Что же касается его брата, Юры, тот после войны решил заняться литературой и сначала приналёг на драматургию, втянув в соавторы своего тёзку — меня. Мы сотворили с ним две пьесы — одну на тему из школьной жизни, вторую — просто бытовую, но они на сцену не попали. Та же участь постигла и наш киносценарий. Сочинял Юра и без меня, но с тем же успехом. И вовсе не хочу сказать, что у него не было способностей. (О себе, вообще, молчу.) Не было другого, не менее, если не более, важного — удачи. И ещё один недочёт (если считать таковым и отсутствие удачи) был ему свойствен: многоречивость. Он любил поговорить — не о пустяках, нет: больше всего о событиях общественной и политической жизни, а также о людях, участвующих в них. И без труда находил единомышленников — таких же заядлых охотников до жареных (и варёных) фактов из бытия стран и отдельных личностей, и все они (охотники) были под завязку напичканы всесторонней информацией, которая требовала обдумывания, осмысления и затем обсуждения в не очень широком кругу слушателей. Всё это занимало уйму времени.

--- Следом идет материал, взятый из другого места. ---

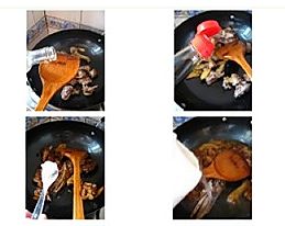 倒入适量米酒、生抽、老抽、翻炒上色后,加入盐,倒入开水没过鸭肉。

А как же с заработком на хлеб насущный? И насчёт реальной угрозы, что тебя обвинят в тунеядстве? От времени до времени он что-то писал по договору с редакциями некоторых газет и журналов; хлебом насущным питался в родительском доме, пристрастья к «сладкой жизни» не имел и обострённого честолюбия, называемого амбицией, — тоже. Свой статус безработного и безденежного нёс спокойно и никакой униженности от своего безделья на фоне ежедневно отправлявшегося на работу брата не испытывал. Брат же ни в чём его, насколько знаю, не упрекал. Правда, мать огорчалась. Особенно после того, как умер их отец. Но тогда Юра сумел устроиться на работу в редакцию журнала, где его не столько жаловали, сколько жалели, и продержался там довольно долго. Что же касается успехов в литературе, то одна его очень неплохая повесть была напечатана в зарубежном русскоязычном журнале и передана по радио «Свобода», уже когда особыми санкциями это не грозило. К моему удивлению, он не проявил по этому поводу заметной радости, это не подтолкнуло его к тому, чтобы писать ещё и ещё и делать новые попытки печататься. Но вскоре мешать ему стала уже не страсть к постижению и обсуждению происходящих на земном шаре, и особенно в нашей стране, событий, а нечто куда более серьёзное и печальное.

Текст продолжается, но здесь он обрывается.